# New 2005 A6 tech session in MA



## cjmiller (Jun 14, 1999)

The Audi club is sponsoring a tech session on the new 2005 A6 in Marlborough MA at the Audi/VW Technical Training Center. The session will be next Wednesday evening (September 8). Great chance to see the cars in person and learn a bit about the new technology, plus tour the training facility. 
This is the first of the cars with the new front grill, and they should be appearing in dealerships within about a month. I believe the first cars will be delivered to buyers in mid November.
They have four new A6 quattros; two with the new 3.2 liter FSI engine, and two with the 4.2 liter V8. They also have several other new Audis, such as the 3.2 liter TT quattro with the direct shift gearbox, an A4 Cabriolet, an allroad with the 4.2 liter engine, a C5 A6 with the 2.7t engine, and a 1.8t A4 quattro. We're planning on having the session from 5 to about 8.
If interested, email me and I'll add you to the invite list. No cost, and you do not have to be an Audi Club NA member to attend.
Chris Miller, National Director, Audi Club of North America
[email protected]


----------



## MFZERO (Mar 13, 2002)

*Re: New 2005 A6 tech session in MA (cjmiller)*

I'll attend this as it may help me out at work http://****************.com/smile/emthup.gif


----------



## Cooper (Sep 11, 2000)

*Re: New 2005 A6 tech session in MA (cjmiller)*

There's a VW/Audi Tech Center in the town I recently moved to?








E-mail is on the way.


----------



## RECTHEGR8 (May 6, 2003)

*Re: New 2005 A6 tech session in MA (Cooper)*

wow, I have been living in sudbury for 11 years and have yet to learn that there is a tech place in marlboro, next town over


----------



## Cooper (Sep 11, 2000)

*Re: New 2005 A6 tech session in MA (RECTHEGR8)*

Yeah, they probably don't want us to know it's there, as we'll be there daily asking for coil packs, window regulators, etc.


----------



## cjmiller (Jun 14, 1999)

*Re: New 2005 A6 tech session in MA (Cooper)*

True, it's not for the public; it's for training "factory trained" techs. Great guys, though, and willing to put on this session for us.
The center is new; used to be in Woburn.
I'll send out details (maps, times, whatever) later this weekend.
Chris


----------



## Think (Mar 1, 2002)

yarrowsport will be thier sounds like a good experiance.
cheers,
yarrow t


----------



## cjmiller (Jun 14, 1999)

*Re: (Think)*

Great, I'll add you to the list.
If anyone else wants to go, please email me and I'll get directions to you on Sunday.

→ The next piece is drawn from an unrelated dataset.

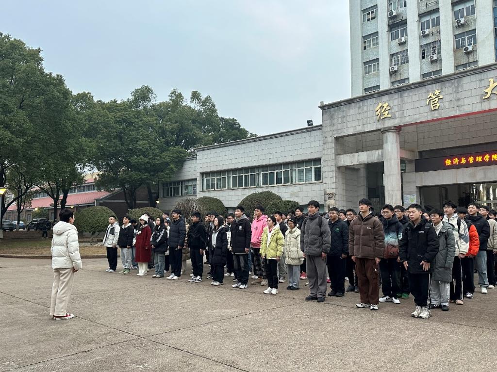 2月24日,计算机学院在金盆岭校区经管办公大楼前坪举行升旗仪式。院党委副书记王觊婧、全体学工办老师、24级200余名同学代表参与此次升旗仪式。

We have to limit the size of the event to a reasonable number, but there is still room if you are interested...


----------



## MI_canuck (Dec 21, 1999)

*Re: New 2005 A6 tech session in MA (cjmiller)*

any ideas if something similar would be coming to MI (or other states for that matter)??


----------



## livi (Apr 27, 2001)

*Re: New 2005 A6 tech session in MA (MI_canuck)*

There is a very good chance I will go to this session. If you don't mind putting me on the list it would be appreciative.
thanks
josh


----------



## cjmiller (Jun 14, 1999)

*Re: New 2005 A6 tech session in MA (livi)*

Sure, Josh, you're on the list. Will send out details on Sunday. Still room for a couple more people.
Chris


----------